28-06-2025
- Climate
- San Francisco Chronicle
Recent Bay Area winds aren't just strong, they're record-breaking
Has the Bay Area been windier than normal recently? Some form of this question has been echoing across the region. On Reddit, a frustrated user kicked up an active thread by asking, 'What's up with the wind lately?' Local wind surfers have been discussing the feistier than usual winds on their own online forums. We've also had a number of our readers ask if it's been unusually windy.
With so many people asking, we decided to look at the data to determine if May and June were indeed exceptionally windy for the Bay Area.
We analyzed average maximum daily wind gusts at five Bay Area airports: Santa Rosa, SFO, Oakland, San Jose, and Livermore. We chose maximum wind gusts over average wind speed because they better reflect the memorable, extreme weather experiences people tend to notice.
The Bay Area's wind patterns in 2025 have indeed been abnormally strong.

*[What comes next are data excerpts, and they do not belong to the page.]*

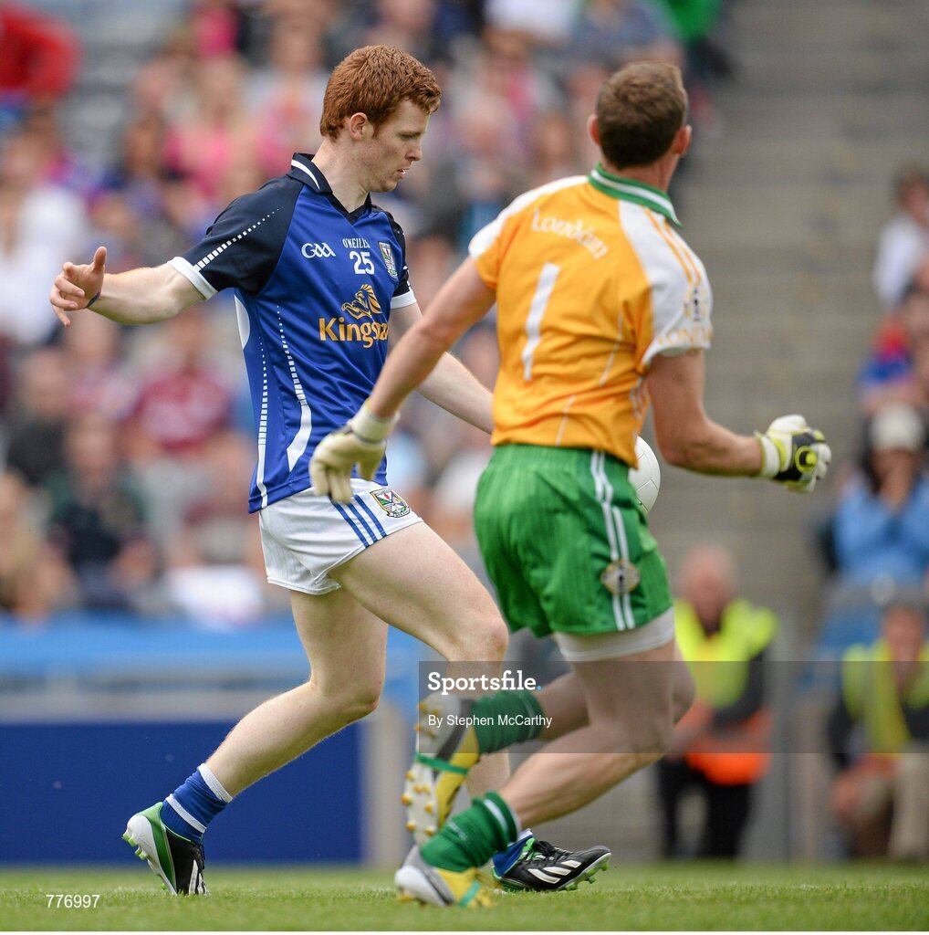 27 July 2013; Niall McDermott, Cavan, shoots to score his side's goal past London goalkeeper Declan Traynor. GAA Football All-Ireland Senior Championship, Round 4, London v Cavan, Croke Park, Dublin. Picture credit: Stephen McCarthy / SPORTSFILE
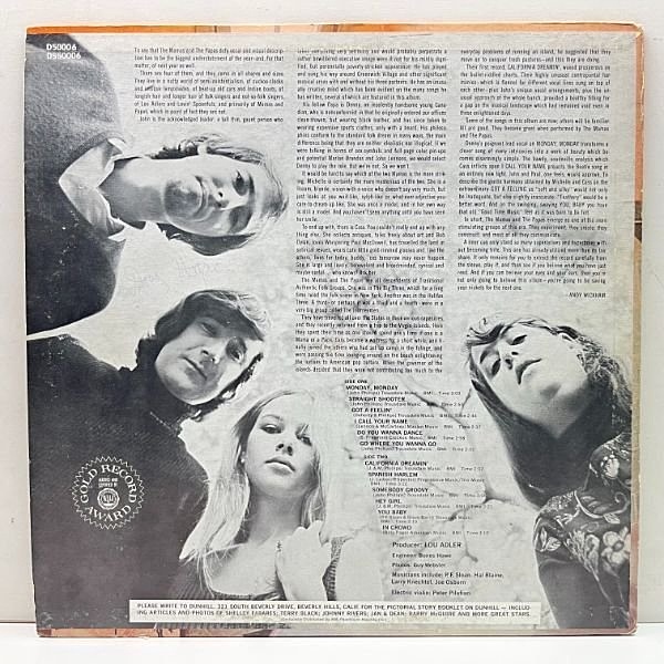西海岸のフラワームーヴメントを象徴するバンド、ママス&パパスを代表する名曲 "夢のカリフォルニア" を収録した記念すべきデビュー・アルバム!!
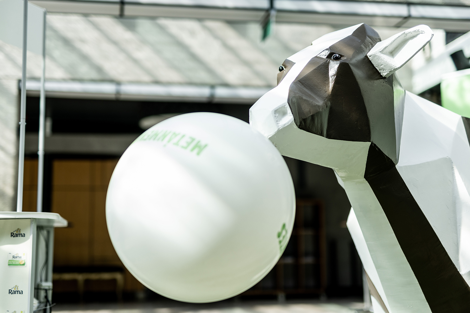 A metánmentes jövő mellett kampányol a Rama margarin, egy lufit fújó tehén installációjával is szeretnék felhívni a figyelmet arra, hogy mindannyiunknak változtatnunk kell, kevesebb húst és tejterméket kell fogyasztanunk a jövőben
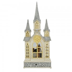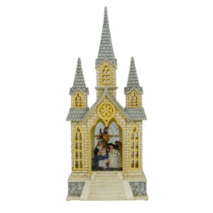 Xmas Nativity Scene Church Lantern, With Warm White LED & water glitter spinning
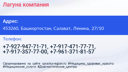 Лагуна, компания по адресу 453260, Башкортостан, Салават, Ленина, 27/10 в дальнейшем Организация, размещена в следующих категориях:

So far through June 26th, Oakland is on pace to have its windiest month of June on record, with an average wind gust of 34.23 mph, nearly 4 mph higher than the second place year of 2010 — the city has records going back to 1914. Livermore and Santa Rosa, are currently tracking towards a top three windiest June on record.
May was equally remarkable. Oakland tied its second-highest value ever, while San Jose, Santa Rosa and Livermore all posted their third windiest Mays since records began. In fact, all five monitored stations ranked in their top five all-time for May gust intensity.
The longer-term trend is just as striking. Over the past decade, May and June have grown measurably windier across the Bay Area, particularly in the East Bay. Since 2000, SFO, Oakland, Livermore and San Jose have all logged multiple top five wind gust seasons during that window, with 2025 ranking near the top at each.
But why?
To account for this year's windiness, UCLA climate scientist Daniel Swain points to an unusually persistent and eastward-shifted North Pacific High this year. 'This is exactly the pattern you'd expect to generate unusually strong northwesterly winds along the coast and in some of the near-coastal inland valleys,' he said. The tighter pressure gradient between that offshore high and the Central Valley thermal low ramps up wind speeds across the region.
Bay Area wind expert and meteorologist Mike Godsey agrees, citing the powerful gusts on June 20 and 21, which were driven by a particularly intense and low-altitude coastal jet fueled by that same setup.
The longer-term trend is harder to pin down, but there are hints. The Fourth California Climate Assessment projects stronger Bay Area winds as rapid inland warming tightens the seasonal pressure gradient with the cooler coast, a dynamic that peaks in May and June.
And how we measure wind matters, too. As Bay Area meteorologist Jan Null notes, wind observations became automated in the early 2000s, replacing decades of manually eyeballing when the anemometer hit its peak. That suggests the long-term data should be viewed with some caution.
Still, if you've felt like it's been windier than usual this year, you're probably not wrong. And you're definitely not alone.